Y. Zhao, J. Yu, J.-F. Bergamini, Y. Léger, N. Sojic, G. Loget
Cell Reports Physical Science, 2021, 100670
The photoelectrochemical charge-transfer process occurring at semiconductor surfaces has important implications in the fields of solar fuels and biodetection. Usually, physical light sources located outside the liquid phase, such as a solar simulator, a light-emitting diode (LED), or a laser, are used for photoelectrochemical studies. Here, we report inducing photoelectrochemistry using an electrochemical source of light, that is, the electrochemiluminescence (ECL) emitted by a model co-reactant system.

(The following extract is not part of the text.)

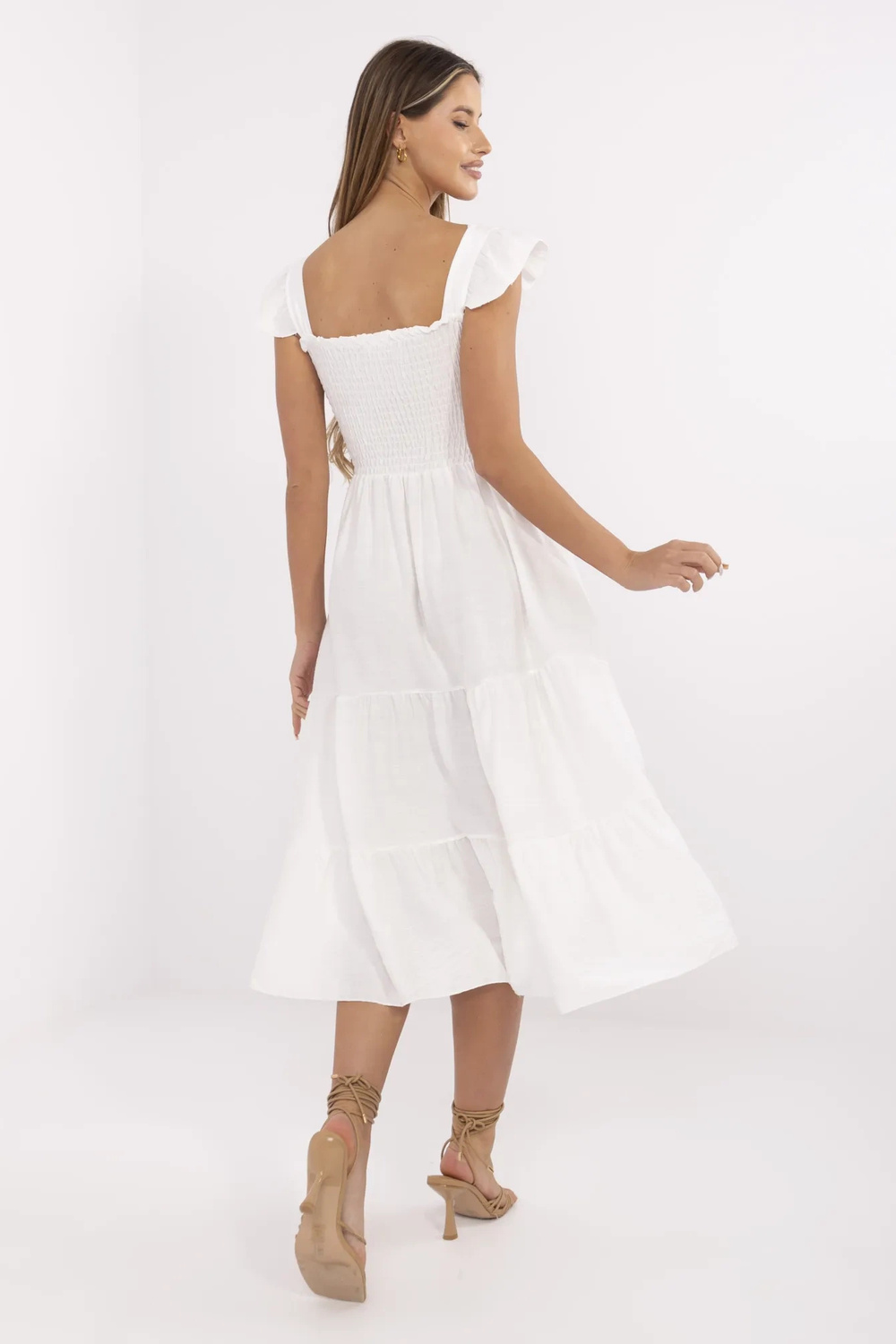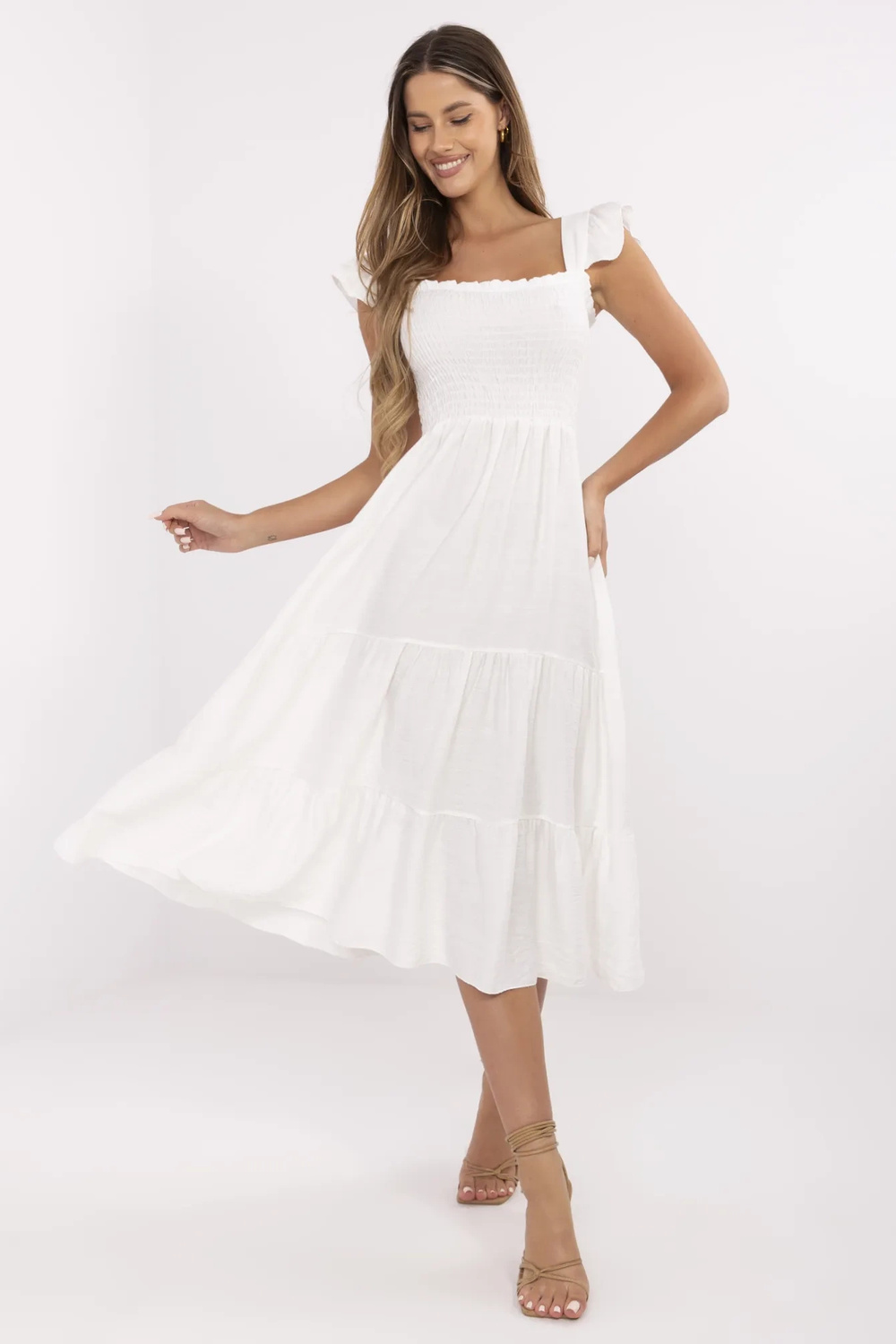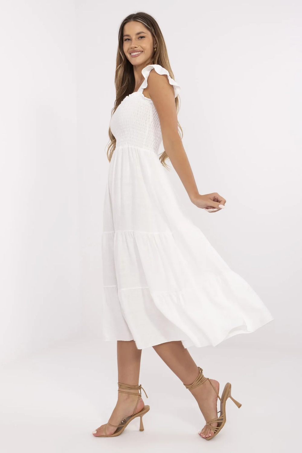 Suknelės išmatavimai vieno dydžio: plotis po pažastimis - 31 cm (ištiesta plokščiai), plotis po pažastimis - 60 cm (po tempimo), juosmens plotis - 29 cm (ištiesta plokščiai), juosmens plotis - 55 cm (po tempimo), klubų plotis - 59 cm, bendras ilgis - 123 cm.

Results reveal that the ECL illumination can activate several semiconductor (SC) photoelectrodes based on n-type Si, n-type GaAs, and p-type Si. We demonstrate that this emitter-receiver concept, based on dual-light conversion, enables photoelectrochemical charge transfer at the solid/liquid interface, which correlates with the ECL intensity. The singularities of this concept lie in the fact that light emission and collection both occur in the liquid phase, that ECL is an easily miniaturizable photon source, and that the SC/liquid junction can be easily implemented. This approach may open perspectives for remote ECL detection strategies and original photoelectrochemical analytical systems.